Is String Cheese The Key To Unbiased Whiskey Reviews

If you’ve read Bourbonr for a while you’re used to these quirky posts. If not, hear me out before you write this off as clickbait trash. Taste is subjective. What I think is incredible bourbon, you may think is swill. Those kinds of disagreements are normal in the whiskey world. But, what about when you disagree with your own tasting notes?

Over the years I’ve tasted a lot of different bourbon in a lot of different environments. Different environments definitely affect taste. I’ve tasted a bourbon at a bar and loved it. Then, I tasted the same bourbon at home and hated it. Even tasting the same bourbon at home a week apart seems to change the flavor profile. What makes up this difference? Oxidation seems to be the go-to answer if you follow Bourbon on Facebook. But, it has more to do with changes in our palate than it does with the whiskey itself. How do we combat this? I’m glad you asked!

A few months back, I read an article where chef Eric Ripert described his process for tasting sauces. When a James Beard award-winning chef describes how to taste you take notes. Here’s what he said:

Waiting on a plate are about a dozen cubes of Swiss cheese. Ripert takes one before tasting the sauces. “This way, I know what I am tasting,” he says. “The Swiss cheese is always the same, but if it feels salty or bland, I know my palate is off.”
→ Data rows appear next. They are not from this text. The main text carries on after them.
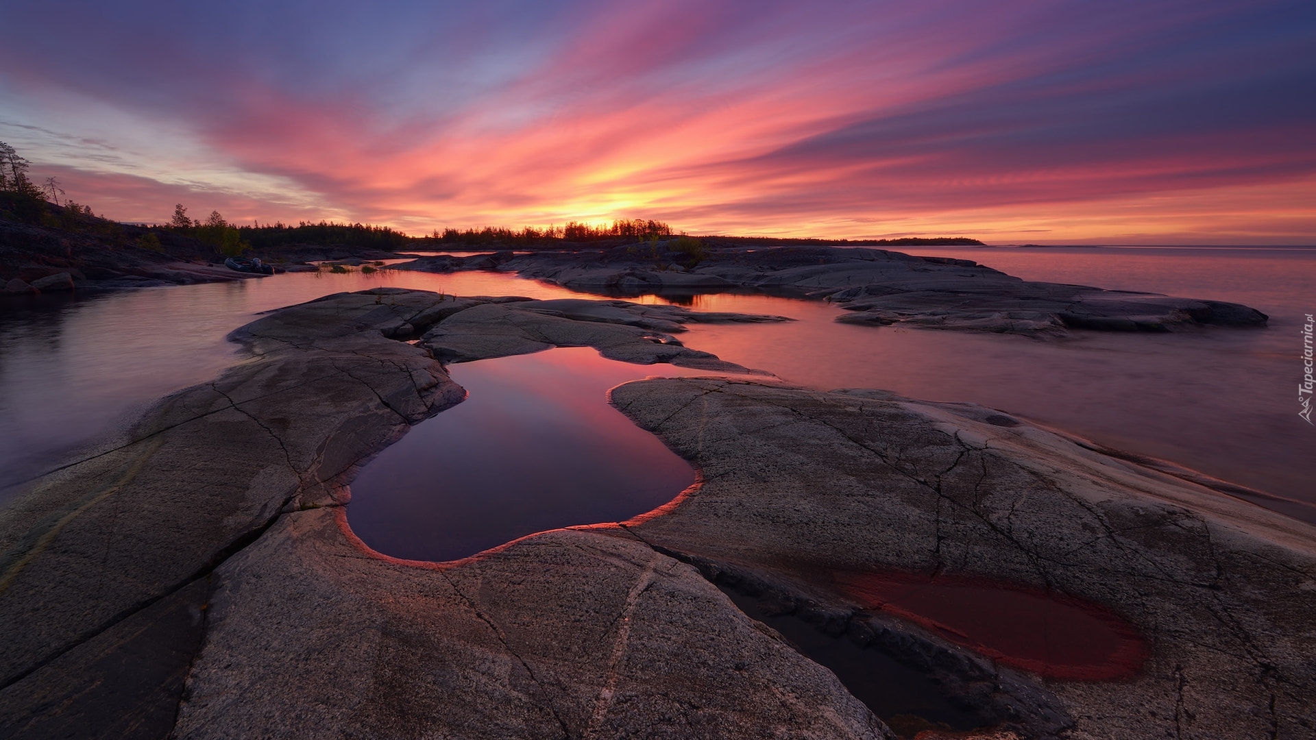 Edytor tapety: Jezioro Ładoga pod różowym niebem
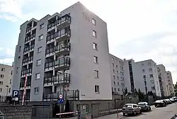 ![]() Bloki przy ul. M. Rataja, biurowiec przy ul. S. Kossutha, widok ogólny od strony południowo-wschodniej, kościół parafialny parafii Podwyższenia Krzyża Świętego i św. Herberta, bloki przy ul. S. Kossutha | |
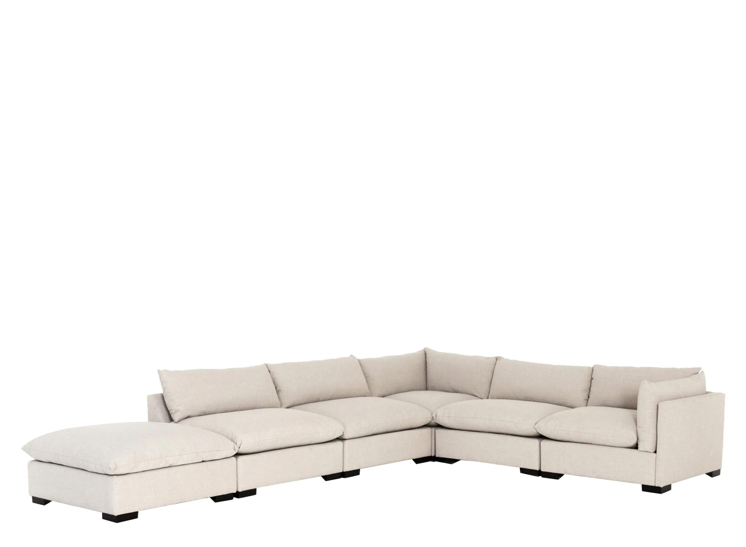 The Westwood 6-pc. modular sectional sofa with ottoman is the ultimate low-and-deep lounger. The cushioning is upholstered in an easy-to-clean high performance fabric suited for modern living.
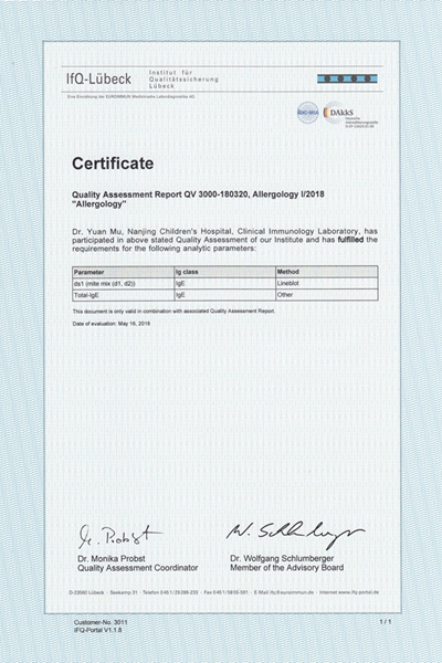 近日,色色啦检验科免疫室收到来自德国“吕贝克质量保证研究所”(IfQ-Lübeck)签发的变态反应血清学检测质量评价认证书。这份认证书充分反映色色啦免疫室过敏原项目检测能力已具备国际水平。
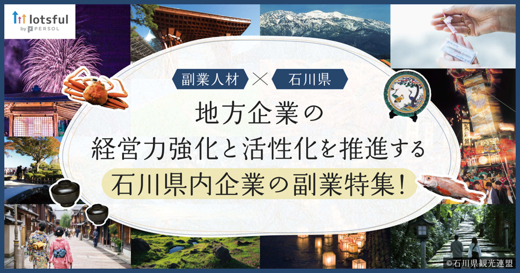 「はたらいて、笑おう。」をビジョンに掲げるパーソルグループのパーソルイノベーション株式会社 lotsful Company(本社:東京都港区、lotsful Company代表:田中 みどり)が運営する副業人材マッチングサービス『lotsful(ロッツフル)』( https://lotsful.jp/ )は、石川県人材確保・定住推進機構と連携し、石川県内の中小企業を支援する副業人材の募集を、本日より開始することをお知らせします。
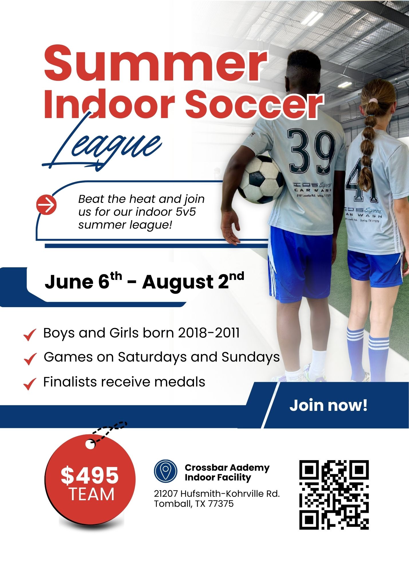 Crossbar's Youth Indoor Soccer League delivers high-energy, skill-focused competition for all players. With 5v5 indoor games on turf, the league promotes quick decision-making, ball mastery, and teamwork in a fun, competitive environment.
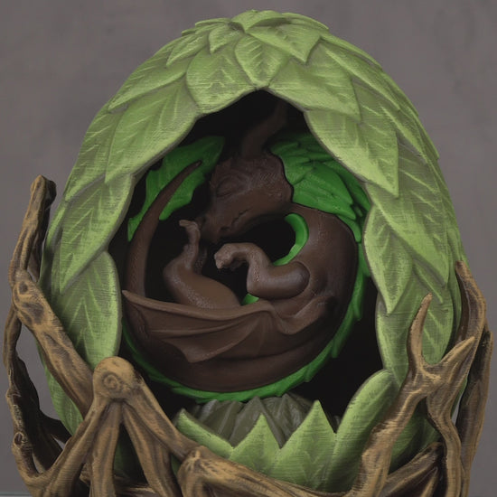 When illuminated, the egg glows warmly to reveal a peaceful dragonling nestled within the roots—a perfect accent for nature lovers, fantasy fans, and cosy cottage core spaces.

Of course, swiss cheese is still a little too fancy for Bourbonr. I decided to grab the kids string cheese we seem to have an infinite amount of in our refrigerator. Like the swiss cheese Eric Ripert used, string cheese is plain and consistent. There’s no batch variation. It’s definitively homogenized. And, that is what we’re looking for. I was surprised when certain foods and different days affected the taste. Eating it after something sweet made it taste creamier. Some days it tasted saltier. Other days it tasted the exact same as it always did. This gave me a baseline going into a whiskey review. If my palate seemed to be sensitive to sweet it was clear in the review. Without the sting cheese test, I would’ve assumed it was a sweeter bourbon.

I’ve put together a routine for reviewing days. Here’s the Bourbonr pre-tasting system. Avoid acidic or highly flavored food and drink for at least a couple of hours. That means you may need to skip the afternoon coffee or tea. Don’t eat anything spicy. Pass on vinaigrettes or other acidic dressings. About 10 minutes before the tasting eat a piece of swiss (or string) cheese. Adjust your perceived taste. Get started with the tasting! I’ve bee using this method for the last few months. So far, I’ve seen a noticeable change in my palate between days. By introducing a constant my bourbon reviews are more consistent.

10 comments

    Enjoyed the perspective. It’s similar to smelling coffee beans after you smell way too many perfumes or colognes. It’s an olfactory cleanse of sorts. Keep it up.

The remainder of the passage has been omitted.